I do expect the Braves to overcome whatever adversity comes their way. They always seem to do things the right way, and while I am not high on Ervin Santana – they seem happy with the addition.

The bullpen might play a huge role in whether the Braves can salvage the year – because they will likely be faced with a lot of close games that Craig Kimbrel and Jordan Walden might play a huge role in.

1st Place: Washington Nationals

Everybody who watches the Nats is expecting big things from Bryce Harper this year. Similar to Jason Heyward, I think people tend to forget how young Harper was when he broke into the big leagues. He’s still a baby compared to most.

Everybody seemed to praise the Nats when they acquired Doug Fister, and now he starts the year on the DL with a back injury.

bryce harperStill, the rotation with Stephen Strasburg, Gio Gonzalez and Jordan Zimmerman is the most proven and consistent rotation in the division. This rotation is the one if you’re a Mets fan, you hope they 2 out of 3 stay healthy because it gives you more hope regarding Matt Harvey.

Still, the lineup to me isn’t that exciting. I’m not a big Jayson Werth guy, and with Ryan Zimmerman dealing with lingering issues, Harper needs to be an MVP caliber player in 2014. I think he can do it, but I also think the team will be carried by the pitching into the division title.

NL East MVP: Bryce Harper – As mentioned, I think he will play a huge role in whether the Nats have success or not.

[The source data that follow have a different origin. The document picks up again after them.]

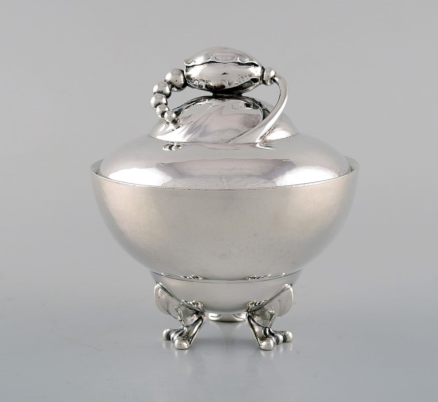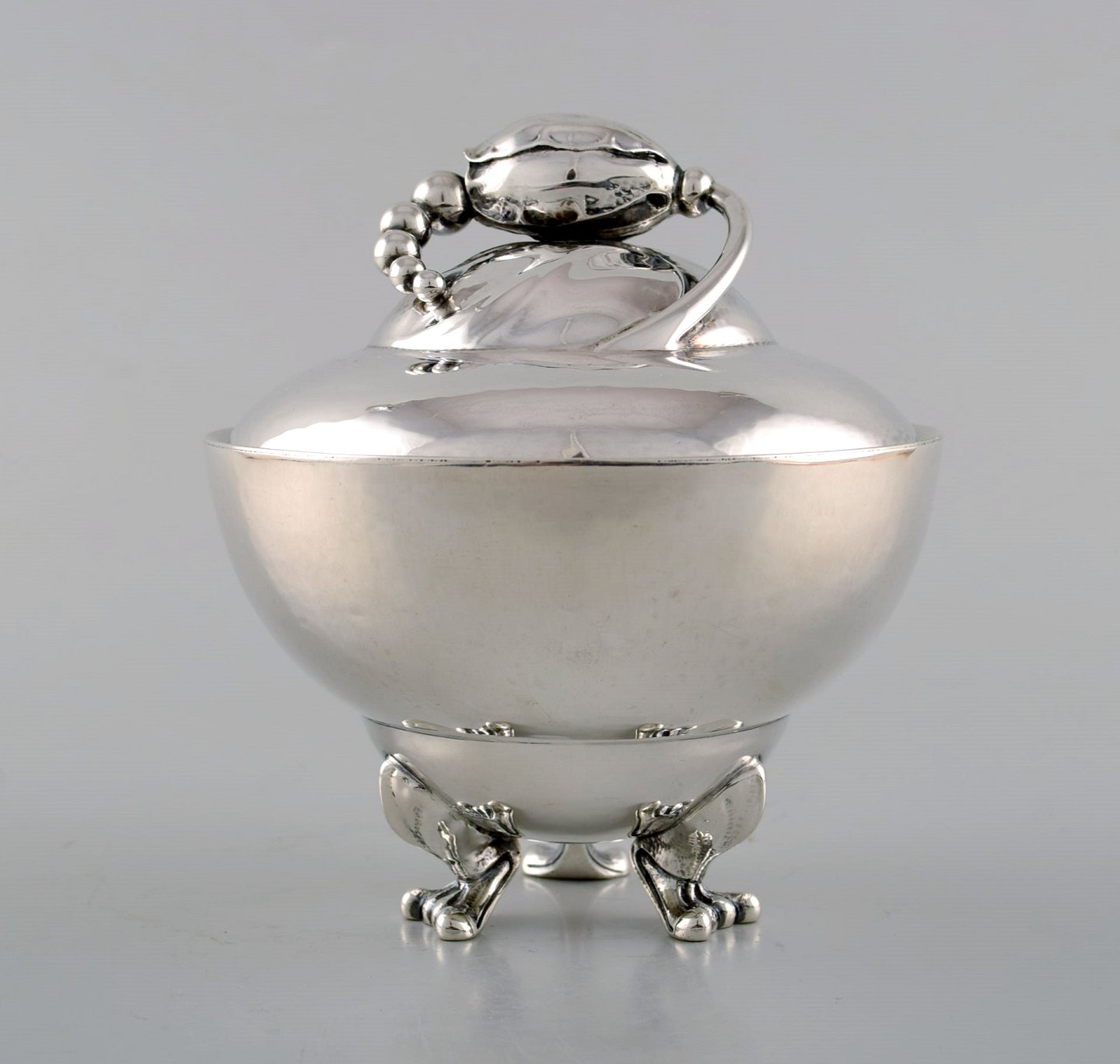 Tidlig Georg jensen Magnolia sukkerskål på fødder i sterlingsølv. Modelnummer 2D. 1920'erne. Måler: 11,5 x 10,5 cm. I flot stand. Stemplet.
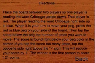 Cribbage is an exciting card game. The first player to score 121 points wins the game. A board is typically used to keep score. This app is a simulated cribbage board. It can be used to keep score during your real life, face-to-face card games.
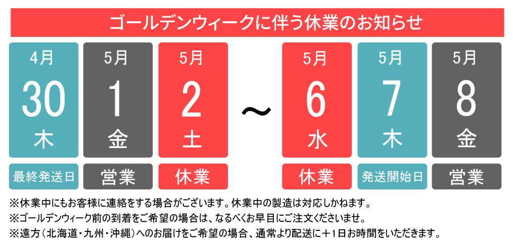 ゴールデンウイーク期間中の営業日および発送業務について、下記のとおりご案内いたします。
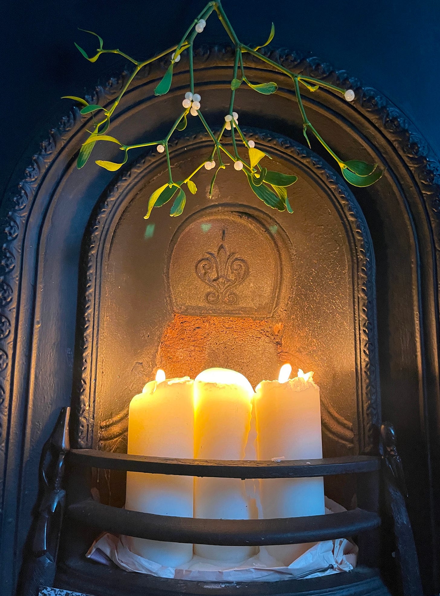 In lieu of my November newsletter, please accept this photo of mistletoe adorning my altar at home.
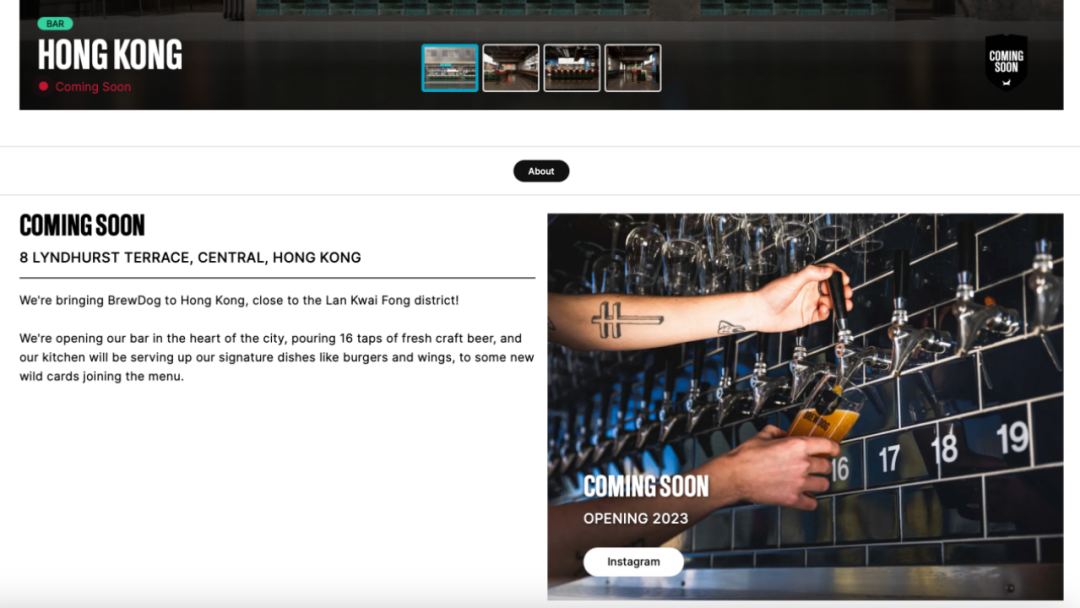 打开酿酒狗官网,即可以看到定位为HONG KONG的酒吧写着硕大的“coming soon”,开设日期则显示为2023年内。与百威中国合作事实上早有端倪。早在今年3月底,酿酒狗便已开始借助福建莆田百威雪津啤酒厂,代工生产Punk IPA和其他精酿啤酒。
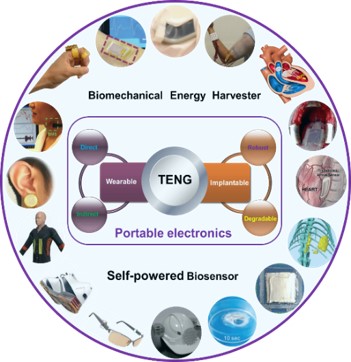 便携式电子器件,如穿戴式与植入式电子器件在日常生活和临床医疗上的应用越来越广泛。目前已朝着小型化、智能化、多功能化和柔性化发展。然而,便携式电子产品面临的主要问题是电池不能长期、持续供能,频繁充电和更换电池限制了其进一步发展,特别是临床应用的植入式电子医疗器件,如心脏起搏器、脑起搏器、神经刺激器等。此外,更换电池还会带来二次手术风险与昂贵的医疗费用,如何为这些便携式电子器件提供安全、环保、可持续的电能成为亟须解决的问题。基于摩擦起电与静电感应耦合原理的TENG能够高效的将机械能转换为电能,有效的解决了便携式电子器件的供能问题。
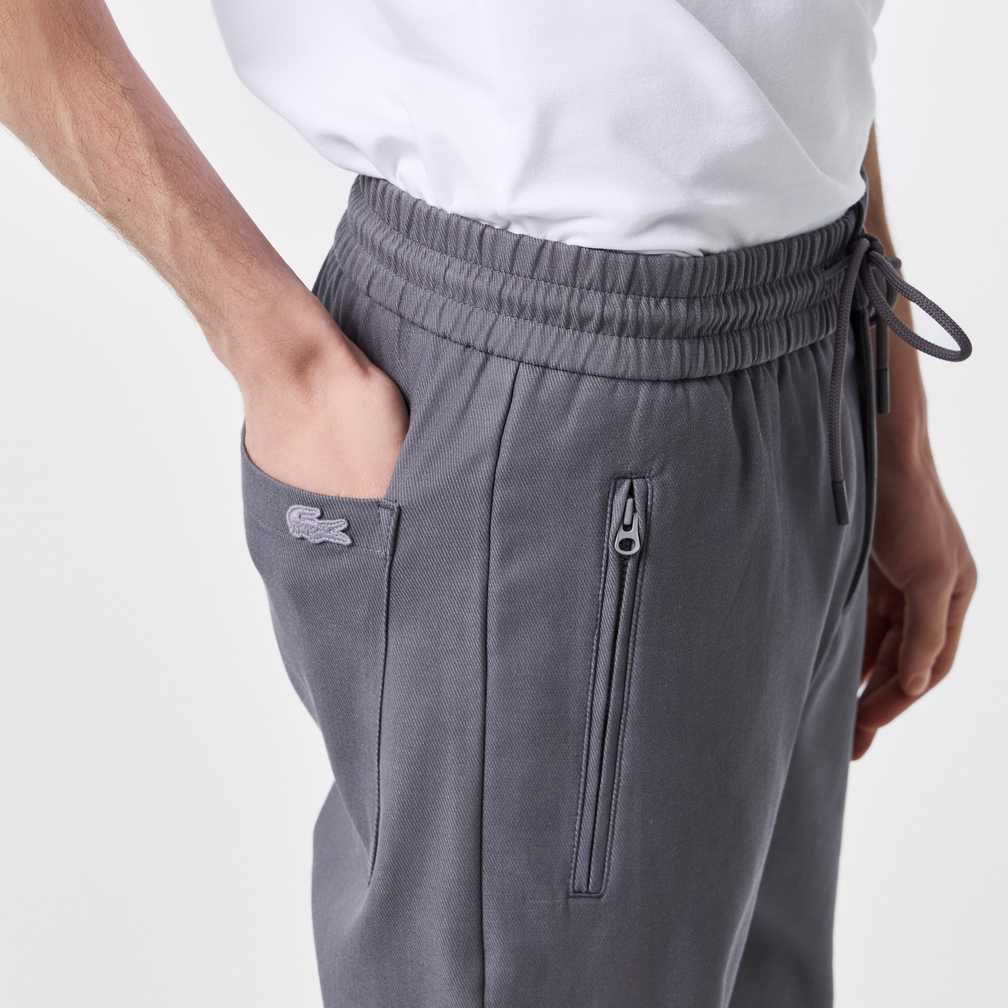 Эластичный пояс с кулиской\Эластичные манжеты\Прорезные карманы спереди\Накладные карманы сзади\Логотип с тон изделия сзади\Материал: 71% хлопок 22% модал 7% эластан

NL East CYBartolo Colon – Going a little under the radar here. He was a top 5 pitcher in the AL, and it seems that whenever OTHER pitchers come from the AL to NL everybody predicts them to have a huge year…but nobody seems to be saying that about Bartolo, so I will.

NL East Sleeper: Dice-K: I cannot say it enough, I was really impressed with how he looked this spring, and I don’t think the Mets would pay him the money they did if they didn’t intend on bringing him up soon. All he needs to be is their 5th best starter, and if I am right, he’d fit into every teams rotations except maybe Washington.

XtreemIcon’s Picks

As much as I hope upon hope the Phillies take up the cellar, and I think it’s possible, I just don’t think the Marlins have enough to overtake them. Fernandez is great, Nathan Eovaldi is going to break out and be a real solid #2 starter and Jacob Turner‘s hype is real, but this team has way too many issues offensively. Sure, Stanton has legit 50-homerun power in an era where we’ve seen only twelve 40-homerun seasons this decade, and Yelich has tons of potential, but where’s the rest of the offense? The team just doesn’t get on base enough to take advantage of Stanton’s power. But if they get a surprise season from another player or two, I could see them finishing fourth.

The Phillies are the worst. I’ve been leading the charge against Ruin Tomorrow, Jr. for years now as he’s actively destroyed the championship team he was handed with reckless abandon. Besides the surprise season from an unknown Marlin or two, the Phillies can find themselves in the cellar if Hamels’ arm finally falls off, as it’s threatened to do each of the last two seasons.

I have the Mets at or around .500 this season, depending on how often Juan Lagares plays. Eric Young, Jr. has no business starting on this team. I really like the addition of Chris Young, as he’s the type of player build to succeed in this ballpark. Great defense, plus power and speed can also describe Granderson, provided both Grandy and C. Young are in corner spots with Juan Lagares in center. I think E. Young has a place on this team and could be one of the most valuable fourth outfielders in the league with his versatility, solid outfield defense and great speed, but starting him weakens two outfield positions. Food for thought: if Harvey hadn’t gotten hurt and forced the Mets to sign a pitcher, where would that money have gone? The Mets were able to avoid the Stephen Drew and Nelson Cruz potential disasters. Would they have been more interested in Jose Dariel Abreu? Would they have been players for my personal favorite first base option, James Loney? The point is moot, but I’m glad the signings they made were smart, making the team better now while not blocking any of the high upside players on the brink of their debut.

Sadly, I’m not nearly as down on the Braves chances as most. I can’t see losing Beachy hurting them for two reasons: Teheran is a legit beast and probably better than Beachy, and Beachy hasn’t contributed more than 145 innings in any season in his career, and has a total of 111 combined the last two seasons. I don’t think they will miss what they essentially never had. Medlen poses a bigger problem, and Santana is certainly a downgrade. But he’s solid, and should be fine. Aaron Harang is terrible, and Alex Wood and David Hale are question marks, but I just don’t see how they’re so much worse off now for replacing Medlen with Santana and the previously non-existent Beachy with any warm body. It hurts their chances, but I don’t buy the idea that they’re in real trouble.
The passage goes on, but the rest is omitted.